4. Silica-based coatings
You can find another solution to the PFAS problem right outside your door. Silica — which is found in soil, rocks, and sand — can be used to create water- and oil-repellent coatings without relying on PFAS chemistry.
So what makes silica-based coatings such a promising alternative to PFAS? For starters, silica is one of the most abundant minerals on Earth, making it a readily available and sustainable resource. And, unlike PFAS, silica is non-toxic and biocompatible — meaning it is less likely to cause harm to human health or the environment.
In addition, silica is chemically stable and can withstand high temperatures, making it ideal for harsh conditions. Together, these properties make silica-based coatings a prospective substitute for PFAS in industries like textile or electronics manufacturing.
5. Short-chain PFAS
While there are over 12,000 different PFAS chemicals in use today, not all of them pose the same environmental and health concerns.
To understand why, let’s back up a step. We can categorize PFAS into two groups based on the number of carbon atoms they contain: long-chain PFAS and short-chain PFAS. Although both types of PFAS have water- and stain-resistant properties, short-chain PFAS tend to be less toxic and break down more readily in the environment than long-chain PFAS.
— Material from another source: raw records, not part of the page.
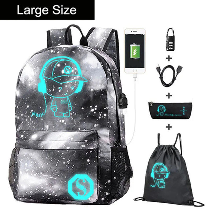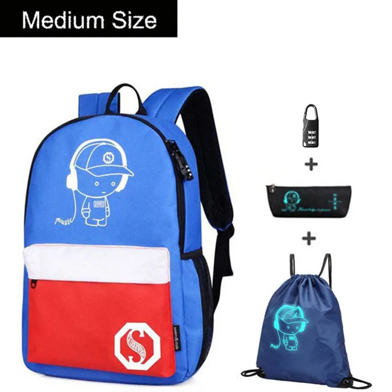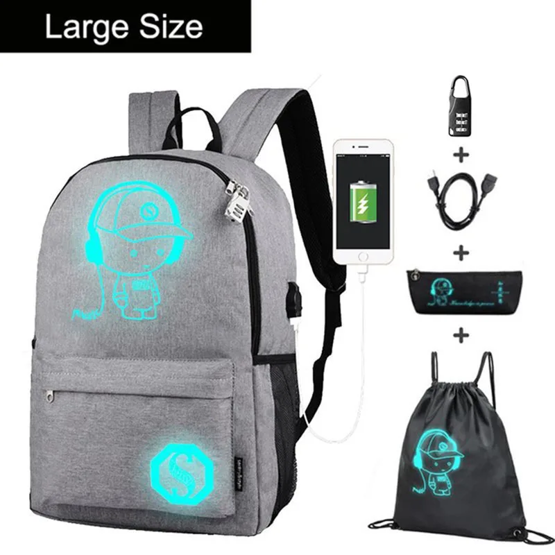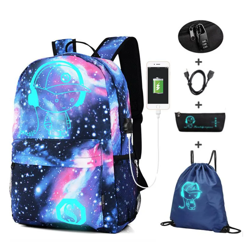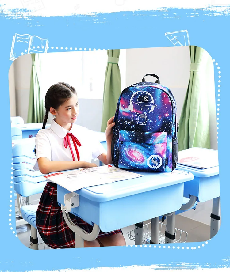 Светящийся школьный портфель с защитой от кражи, водонепроницаемый рюкзак для мальчиков и девочек, многофункциональная сумка для книг с USB-портом для зарядки
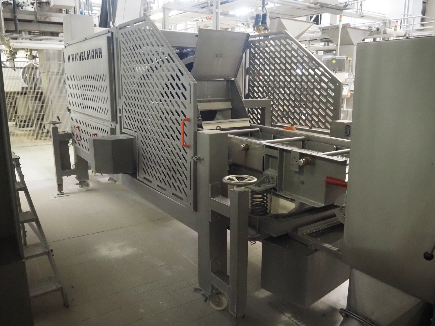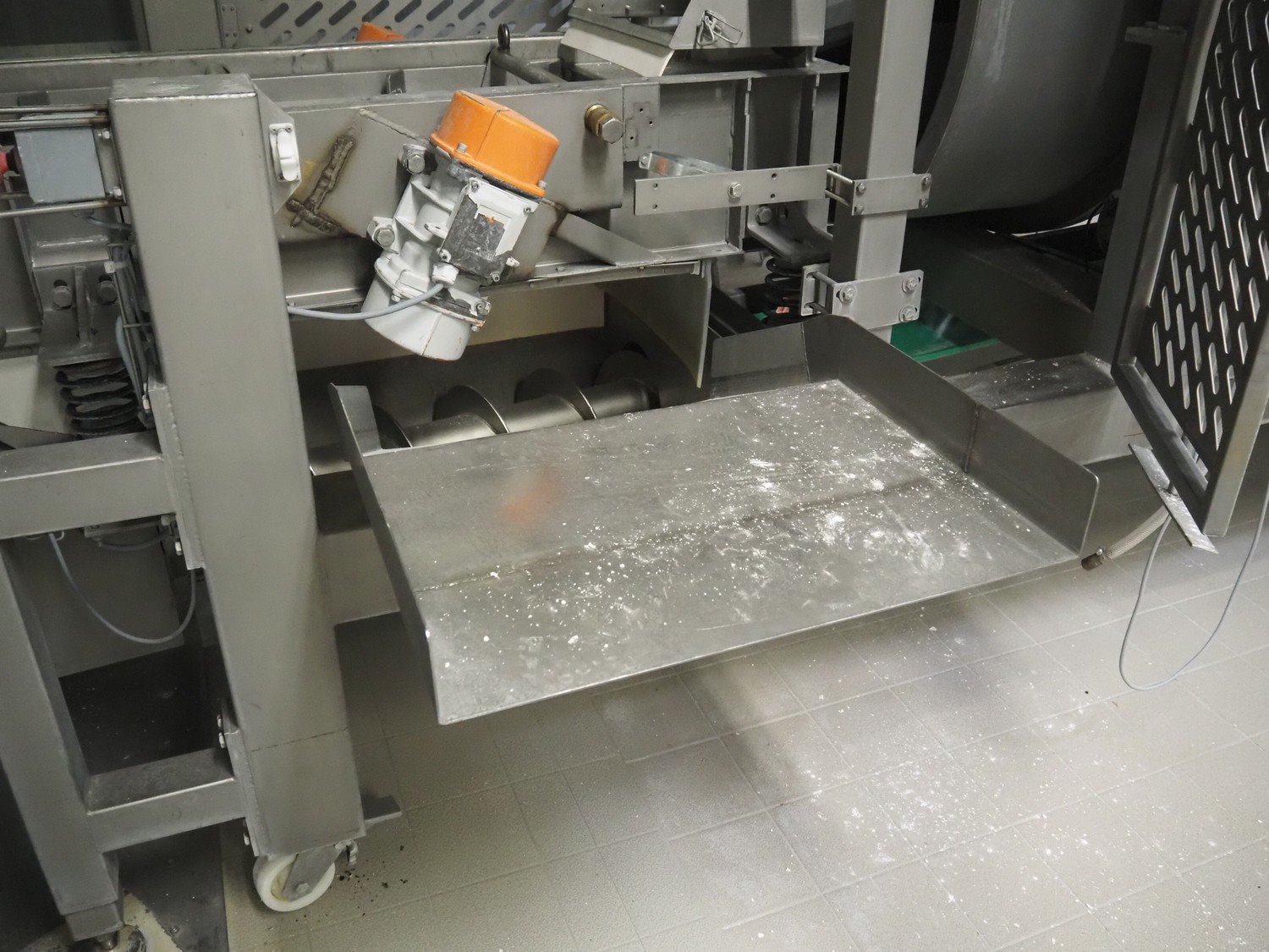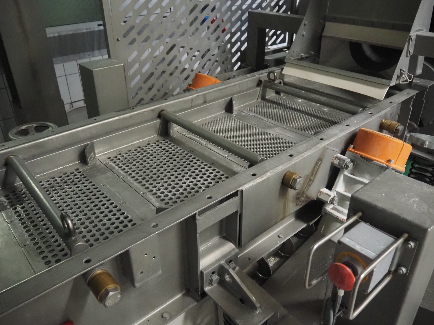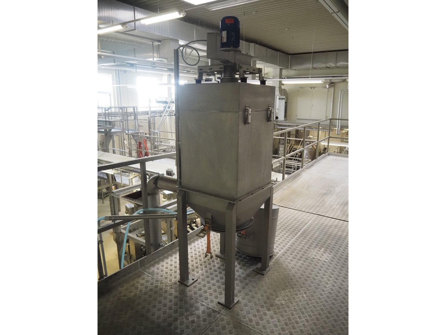H. Wichelmann mobile coating machine with outfeed vibrating gutter, type: BMA, machine number: 06/838, year of construction: 2006, 10 kW, drum dimensions: Ø 950 mm x 2300 mm, gutter width: 500 mm, s/s screw, diameter: 350 mm, tier: 240 mm, total dimensions: 4500 mm x 2000 mm x 2550 mm, H. Wichelmann filter unit, dimensions: 600 mm x 600 mm x 2000 mm. Kavel locatie: Schultetusstraße 37, 17153 Stavenhagen, Duitsland
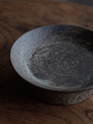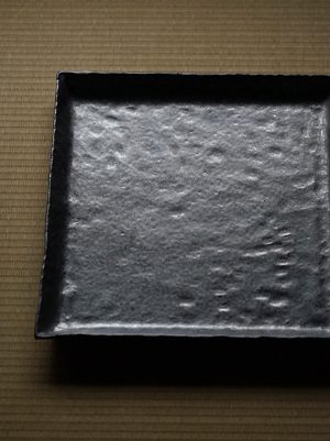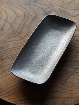 銀彩焼締高台皿

As a result, some industries have focused on short-chain PFAS as a safer and more sustainable alternative to traditional long-chain PFAS for various applications. Researchers are currently exploring the use of shorter-chain PFAS substances in treatments for textiles, carpeting, paper, and tile surfaces. However, more research is needed to understand any potential long-term environmental impacts and ensure they are a sustainable replacement for long-chain PFAS compounds.
Your takeaway
Bio-based and fluorine-free alternatives, electrospun nanofibers, silica-based coatings, and short-chain PFAS are among the emerging solutions to address the PFAS challenge. These substances and technologies offer environmentally friendly and effective alternatives to traditional PFAS-containing products across various industries. As research and development in this area continues, we’ll likely see even safer and more sustainable alternatives to PFAS in the future.